| RECORDS SHOWN |
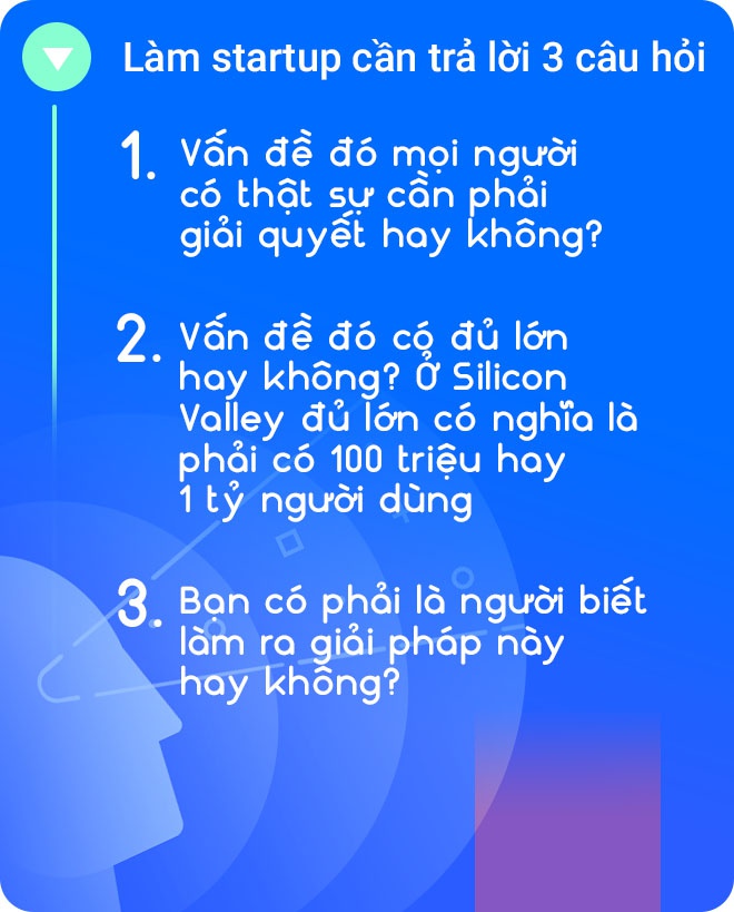 Theo tôi, khởi nghiệp trong lĩnh vực công nghệ phải tập trung vấn đề chứ đừng tập trung việc mình có giải pháp. Vì tập trung vào giải pháp sẽ quên mất nhu cầu có đủ lớn hay không.
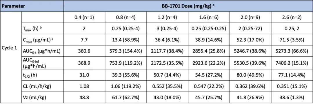 表3.BB-1701的药代动力学特征
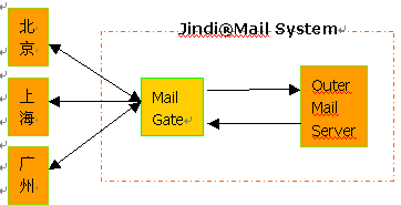 如果選用Jindi?Mail作為外部郵件服務(wù)器,可以在同一臺外部郵件服務(wù)器上配置可選的MailGate模塊,該模塊可以將指定域用戶的郵件進(jìn)行定向投遞,而不依賴DNS的配置。內(nèi)部郵件通過內(nèi)部DNS在郵件網(wǎng)關(guān)處進(jìn)行存儲轉(zhuǎn)發(fā)到外部。
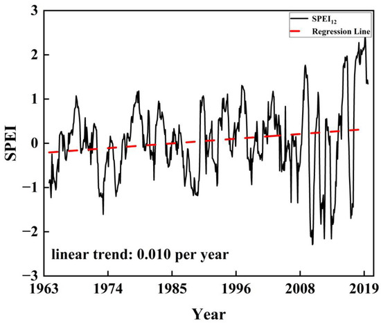 Different from SPI, the SPEI considers the influence of both precipitation and temperature on drought. Monthly precipitation minus monthly potential evaporation is used to replace monthly precipitation in the SPI calculation. The SPEI on different time scales can reflect drought conditions under different stages. The 3-month SPEI, for example, can reflect the seasonal wet and dry conditions, which can then be used for the analysis of agricultural drought conditions, while the 6-month SPEI can reflect the semi-annual climatic drought conditions, and the 12-month SPEI can reflect the overall annual drought conditions and the influence of climate change on the water resources of the basin. Therefore, the 12-month SPEI is chosen to systematically analyze the drought conditions in the Chengbi River basin. The specific calculation process is divided into four steps [29]:
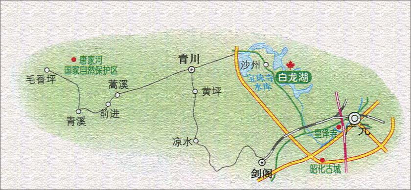 广元至毛香坪旅游路线图
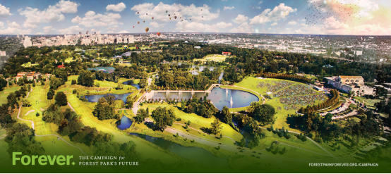 ₋Since the early 2000s, it has carried out a $100 million restoration through a public-private partnership aided by its Master Plan. Changes have extended to improving landscaping and habitat as well. The park's acreage includes meadows and trees and a variety of ponds, manmade lakes, and freshwater streams. For several years, the park has been restoring prairie and wetlands areas of the park. It has reduced flooding and attracted a much greater variety of birds and wildlife, which have settled in the new natural habitats.
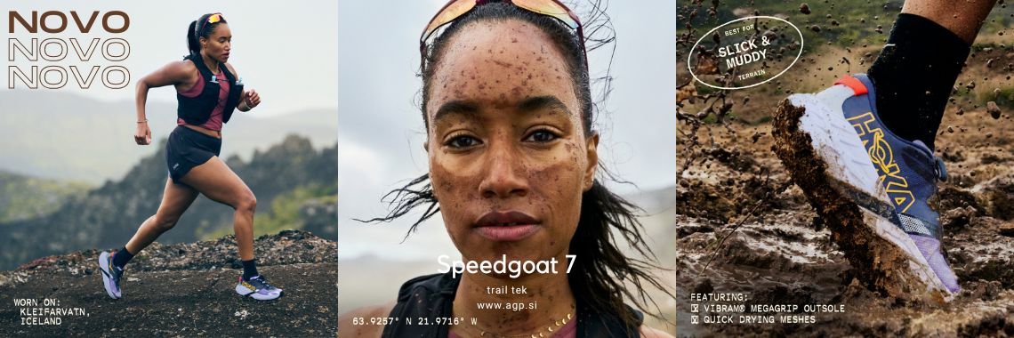 IZBIRA VELIKOSTI HOKA SPEEDGOAT 7 Tvoj zanesljiv partner za tehničen trail. Trail tekaški copat · 2026 KAJ JE NOVEGA? Speedgoat 7 — bolj odziven, bolj dodelan, še vedno pravi GOAT Nova SCF pena v vmes...
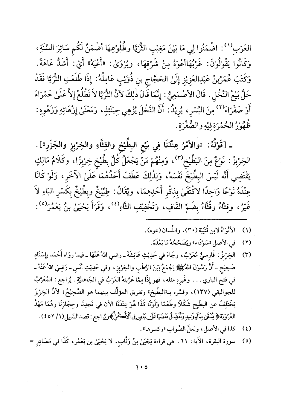 (¬3) الخِرْبِزُ: فَارِسيٌّ مُعَرَّبٌ، وجَاءَ في حَدِيثِ عَائِشَةَ - رضي اللهُ عَنْهَا - فيما روَاه أَحْمَد بإِسْنَادٍ صَحِيحٍ - أَنَّ رَسُوْلَ اللهُ - صلى الله عليه وسلم - يَجْمَعُ بَينَ الرُّطَبِ والخِرْبِزِ، وفي حَدِيثِ أنَسٍ- رَضِىَ اللهُ عَنْهُ- في فتح الباري ... وغَيرِهِ مثله، فهو إِذًا مِمَّا عَرَّبتهُ العَرَبُ في الجَاهليَّة. يُراجع: المُعَرَّبُ للجواليقي (137)، وفسَّره بـ"البطّيخ" وتفريق المؤلِّف بينهما هو الصَّحِيحُ؛ لأنَّ الخِرْبِزَ يَخْتَلِفُ عن البطّيخ شَكْلًا وطَعْمًا وَلَوْنًا كَذَا هُوَ عِنْدَنَا الآن في نَجدِنَا وحِجَازِنَا وهُمَا مَهْدُ العُروْبَة {يُسْقَى بِمَاءٍ وَاحِدٍ وَنُفَضِّلُ بَعْضَهَا عَلَى بَعْضٍ فِي الْأُكُلِ} ويُراجع: قصد السَّبيل (1/ 452).
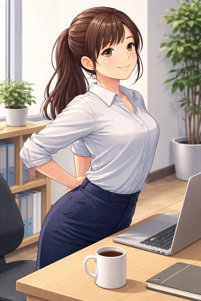 前かがみ姿勢が続くと首や肩の筋肉が緊張しやすくなります。特に猫背姿勢になると首への負担が増え、血流が悪くなり疲れが抜けにくくなることもあります。姿勢を整えることは、体の負担を減らす大切なポイントです。
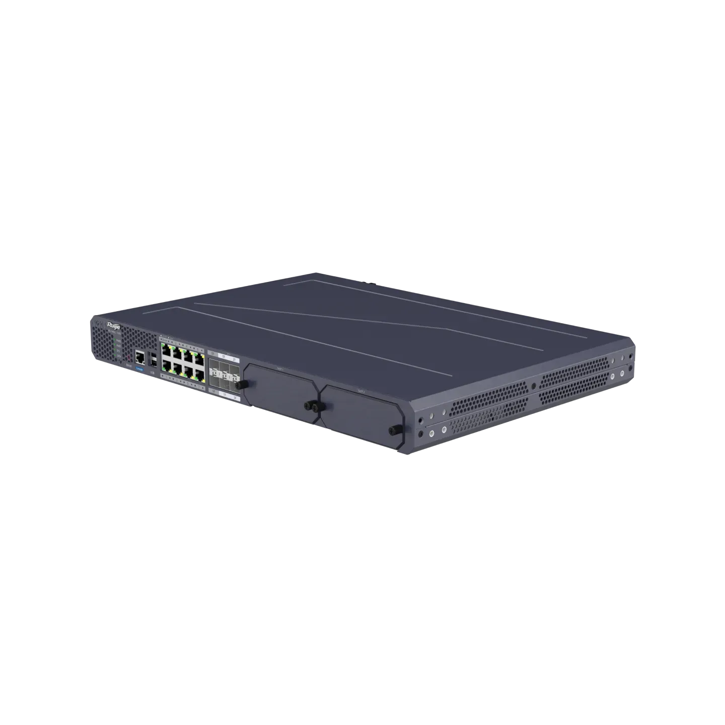 Ruijie RG-WALL 1600-Z5100-S is a next-generation firewall with fixed eight 1GE ports, two 1GE SFP ports, and four 10GE SFP+ ports. It is 1 RU high and equipped with one power module for factory delivery. It supports expansion of hot-swappable power modules for power redundancy and expansion of 1 TB hard disk drive (HDD). The basic throughput performance is 3 Gbps by default, which can be increased to 10 Gbps by adding performance licenses (RG-WALL 1600-Z5100-S-1G-LIC).
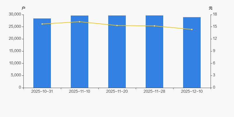 截至2025年12月10日,公司最新流通股本为2.65亿股。户均持有流通股数量由上期的8936股上升至9155股,户均流通市值13.16万元。
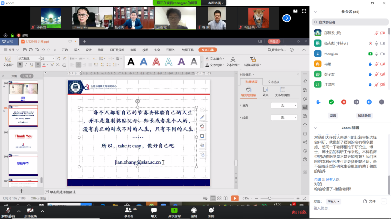 此次“科学精神进课堂”系列主题班会邀请到的嘉宾是中国科学院大学博士生导师、中国科学院深圳先进技术研究院研究员、生殖与健康发育研究中心主任张键老师。上海交通大学学生处副处长龚强、农业与生物学院团委书记熊峰、2019级二班班主任程玉强莅临现场,农业与生物学院2018级动科班、农业与生物学院2019级同学、《动物药理学》2020年春季教学班全体同学参与本次班会。会议由2018级动科班班主任杨志彪老师主持。

| ABOUT THIS EXERCISE |
Exactly reproduce the lines that run from the first line of the listing above to the line containing "如果選用Jindi?Mail", including both; omit the pictures.

| EXPECTED ANSWER |
 Theo tôi, khởi nghiệp trong lĩnh vực công nghệ phải tập trung vấn đề chứ đừng tập trung việc mình có giải pháp. Vì tập trung vào giải pháp sẽ quên mất nhu cầu có đủ lớn hay không.
 表3.BB-1701的药代动力学特征
 如果選用Jindi?Mail作為外部郵件服務(wù)器,可以在同一臺外部郵件服務(wù)器上配置可選的MailGate模塊,該模塊可以將指定域用戶的郵件進(jìn)行定向投遞,而不依賴DNS的配置。內(nèi)部郵件通過內(nèi)部DNS在郵件網(wǎng)關(guān)處進(jìn)行存儲轉(zhuǎn)發(fā)到外部。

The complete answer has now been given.